New York: Boni and Liveright, 1919 (April 23)
First edition, binding A

 

    NOTES:  Pencil drawing by O'Neill of set for IN THE ZONE on cast of characters page. David Belasco's copy, with Bolasco's bookplate and annotations by Belasco on first pages of IN THE ZONE. Signed presentation copy to Robert Sisk.

                 O'Neill's Drawing

Atkinson # A8-I-1.a     Sanborn and Clark # 14

INSCRIPTION:  (On front free endpaper)

For Bob Sisk / All friendship! / Eugene O'Neill


David Belasco's attraction to IN THE ZONE might at first appear paradoxical. Belasco, the dean of the old-time Broadway managers, resented the attention being paid to experimental groups like the Provincetown Players. On January 7, 1917, the New York HERALD ran the headline, "David Belasco sees a menace to true art of the stage in toy playhouses and little repertory theatres." He stated that the "so-called new art of the theatre (was) but a flash in the pan of inexperience," and that it was "the wail of the incompetent and the degenerate." However, Belasco's interest in O'Neill's one-act play is not as strange as it might seem.

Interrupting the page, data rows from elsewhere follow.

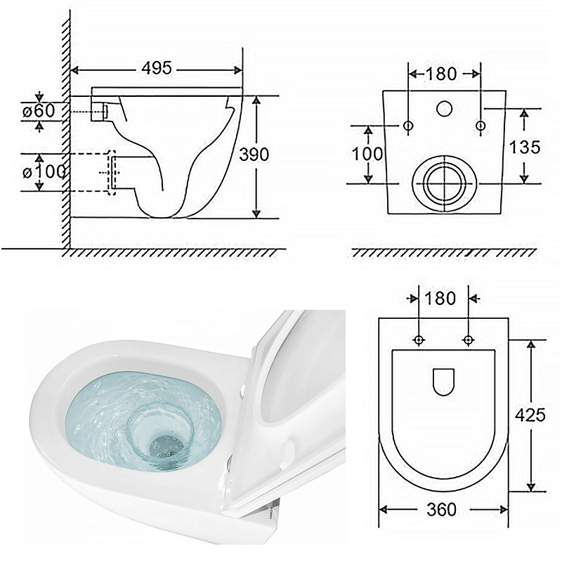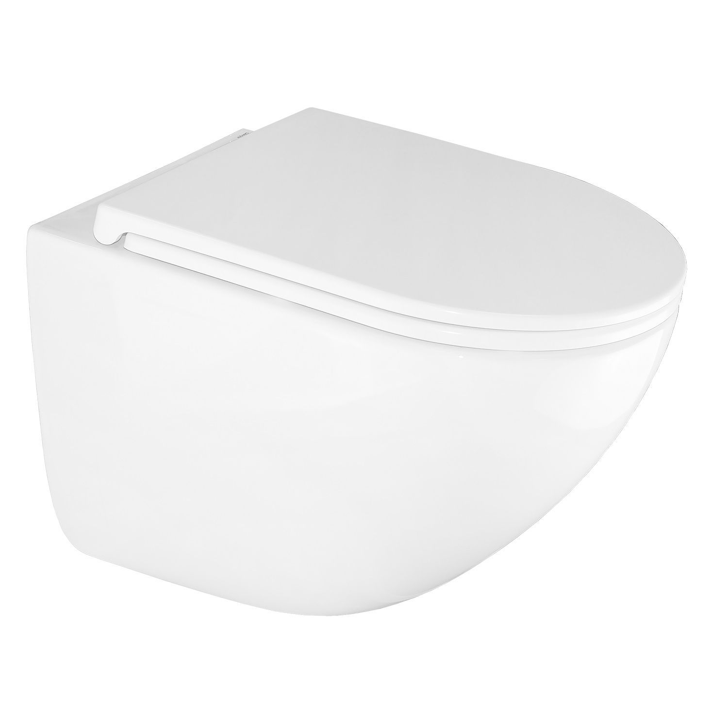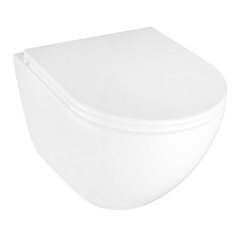 —Унитаз подвесной Azario Trevi 495х360х390 безободковый, слив "Скрытое Торнадо", в комплекте с сидением микролифт, белый (AZ-0093UQ3)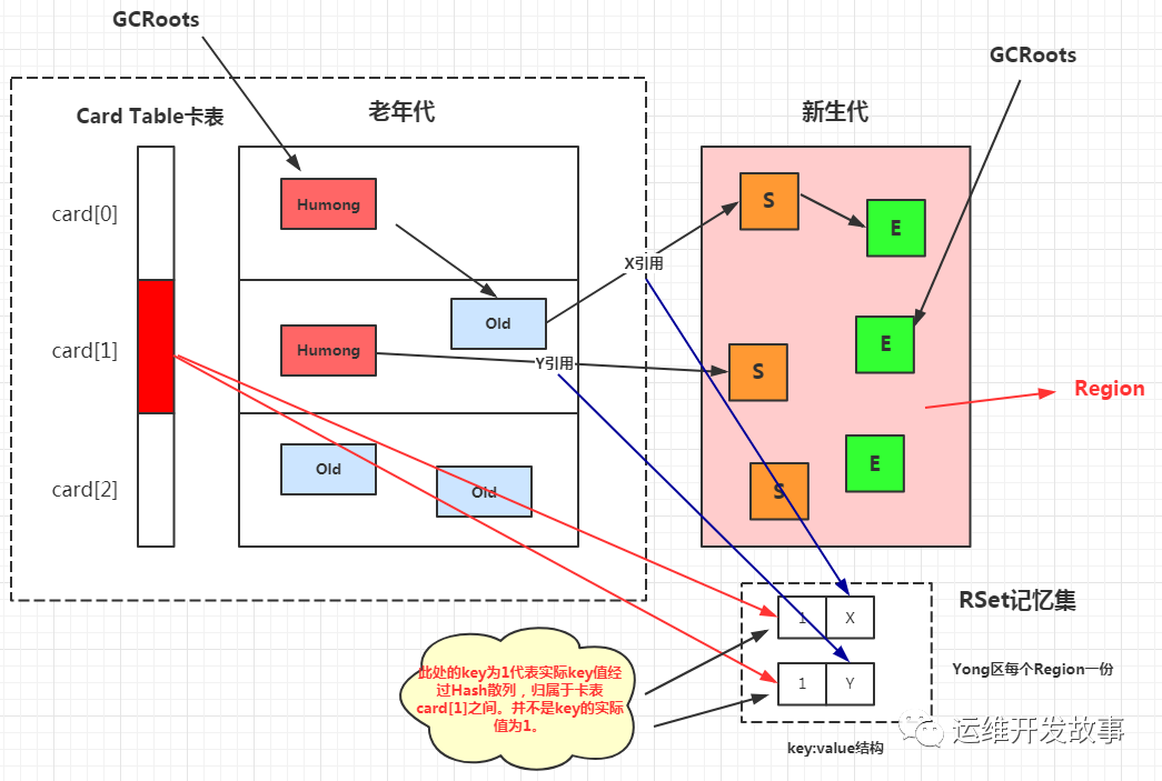 由于新生代GC时,需要扫描整个old区,效率非常低。所以old区就是用卡表的方式进行一次逻辑分区。一般一页卡表的大小是2的n次幂。每一个区域也是用Key,Value结构进行记录。每一区域记录为Key不重复,Value则记录这片区域的老年代对象与新生代对象是否存在引用关系,存在则标记为1,否则为0。记录完毕后把value为1的key作为ReSet的key进行记录,并且ReSet的value存储引用,从而提高跨代引用的查询效率。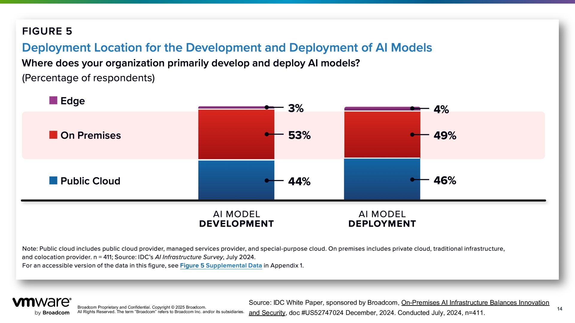 Reserved. The term “Broadcom” refers to Broadcom Inc. and/or its subsidiaries. 14 14 Source: IDC White Paper, sponsored by Broadcom, On-Premises AI Infrastructure Balances Innovation and Security, doc #US52747024 December, 2024. Conducted July, 2024, n=411.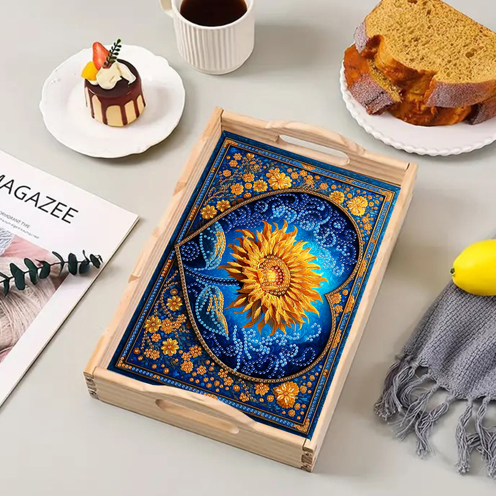 Wooden Night Sunflower 5D Diamond Painting Tray Art Craft with Handle for Desk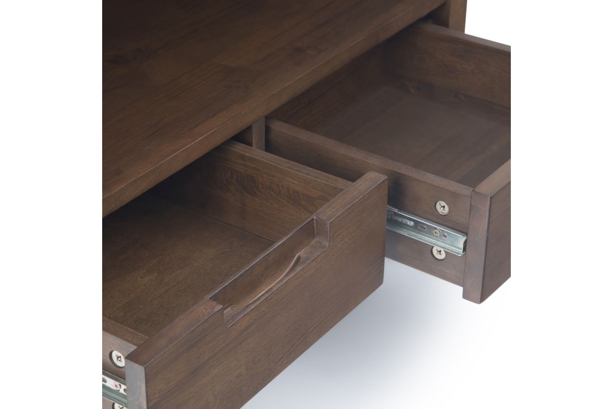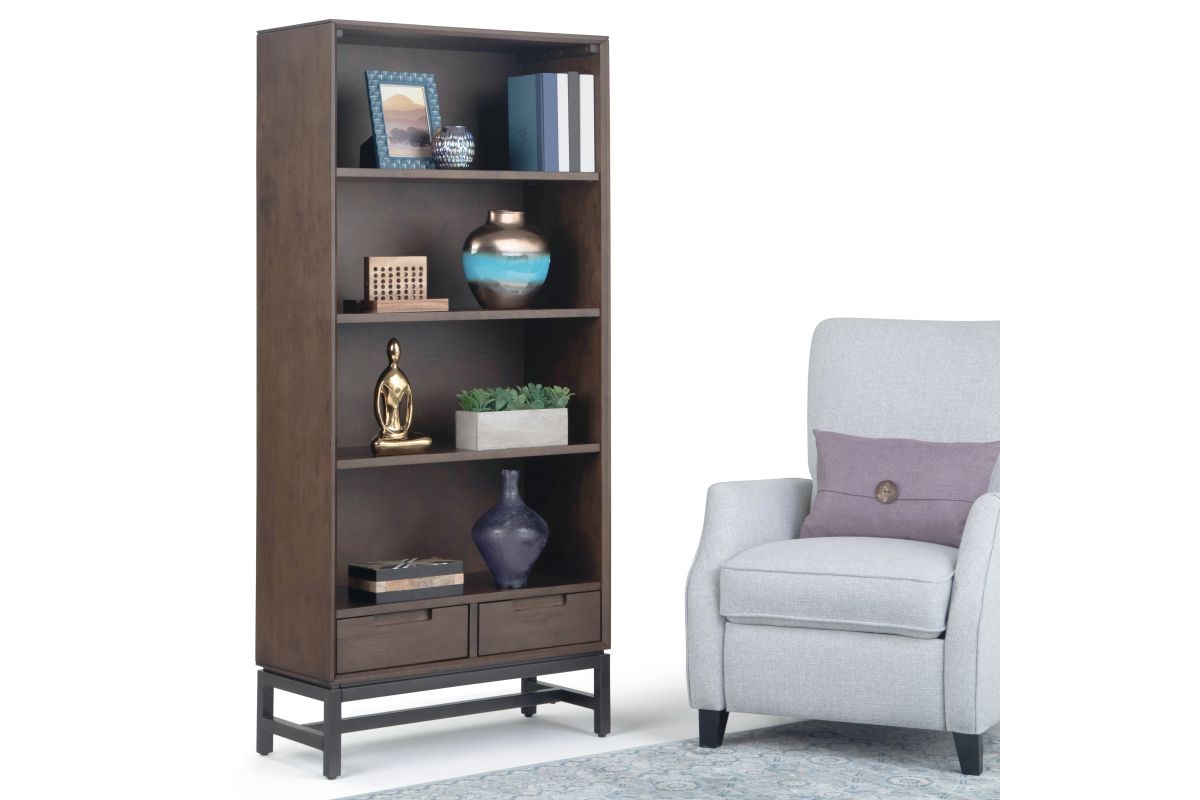The Banting Collection is made from richly-grained solid Rubberwood. This mid-century modern industrial collection has a clean angular metal base, with square, simple modern drawer and table top. With no visible hardware, and only simple wood pull handles, the solid Rubberwood top, is simple and uncomplex. The Banting Bookcase has two adjustable shelves and one fixed shelf with 2 small drawers for maximum functionality. The 30" width x 14" depth make this beautiful bookstand usable in your home office, living room, basement or den. The Banting collection includes coffee, console, end tables, tv stands, sideboard buffet, desks and bookcase. Assembly required.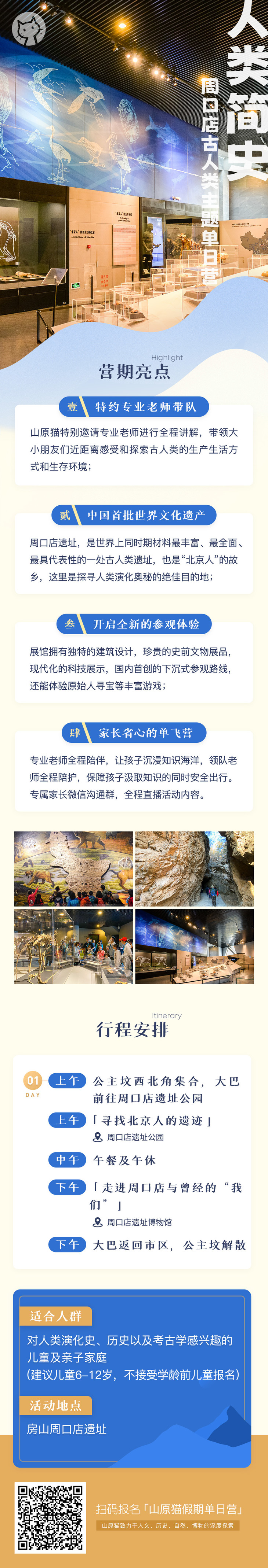 老师将为大家介绍周口店遗址的历史和博物馆的建设。了解古人类的演化史,人类的祖先在地球上是如何出现的?曾经的古人们每一天的生活是什么样的?没有网络没有书籍,他们的知识如何传递?没有弹药没有衣物,他们要如何抵抗野兽和寒疾?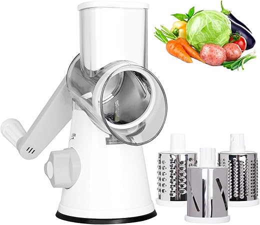 X Home Rotary Cheese Grater Hand Crank, Cheese Shredder with 3 Interchangeable Blades, Vegetable Slicer with Strong Suction Base, Easy to Use and Clean, White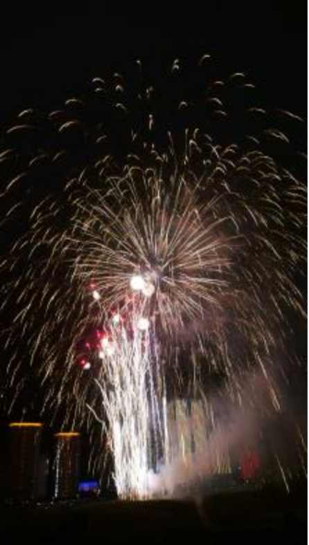 国庆正午,师生团队已到工作岗位就绪。开拍前,再查参数、再拧脚架、再微调一度仰角,只为静候夜幕。20:00,第一束火舌划破长空,快门声与爆炸声同步响起——广角组吞进整座城市的璀璨,中焦组定格每朵花的呼吸,师生把观众的惊呼与亮屏一并收入镜头。几个小时电光火石,零失误,师生用光轨写下一封给祖国的情书。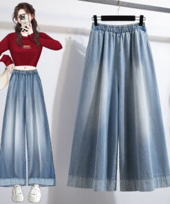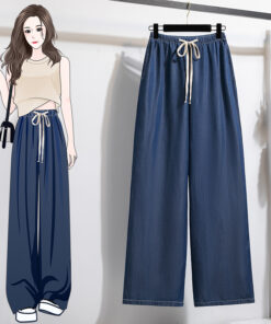 High end loose casual straight leg wide leg pants Tencel pants for women

IN THE ZONE was first presented by the Washington Square Players on October 31, 1917. The play received good reviews, and O'Neill was approached with an offer to book the play on the Orpheum Circuit. Although he initially felt the vaudeville proposition was degrading, he finally accepted, deciding the money was too good to turn down. O'Neill received a $200 advance, and $70 a week in royalties, which he split with the Washington Square Players. IN THE ZONE was an immediate success and toured for thirty-four weeks. It was the first "big" money that O'Neill had made. While his play had started out as "new art" in a "toy playhouse," it ended up on an "old-time" tour making "old-time" money -- an item that would not have escaped David Belasco. In fact, IN THE ZONE toured the Orpheum Circuit at the same time that a Belasco production was touring the country. The play was THE WANDERER, and it starred an aging actor in his last role -- James O'Neill, Sr. -- O'Neill's father.

O'Neill may have made the pencil drawing in Belasco's copy of MOON OF THE CARIBBEES when he spent an afternoon with the manager early in the summer of 1925. (O'Neill was hoping to talk Belasco into producing MARCO MILLIONS.) Robert Sisk obtained the volume at a later date, with the O'Neill inscription to Sisk penned in the 1930's.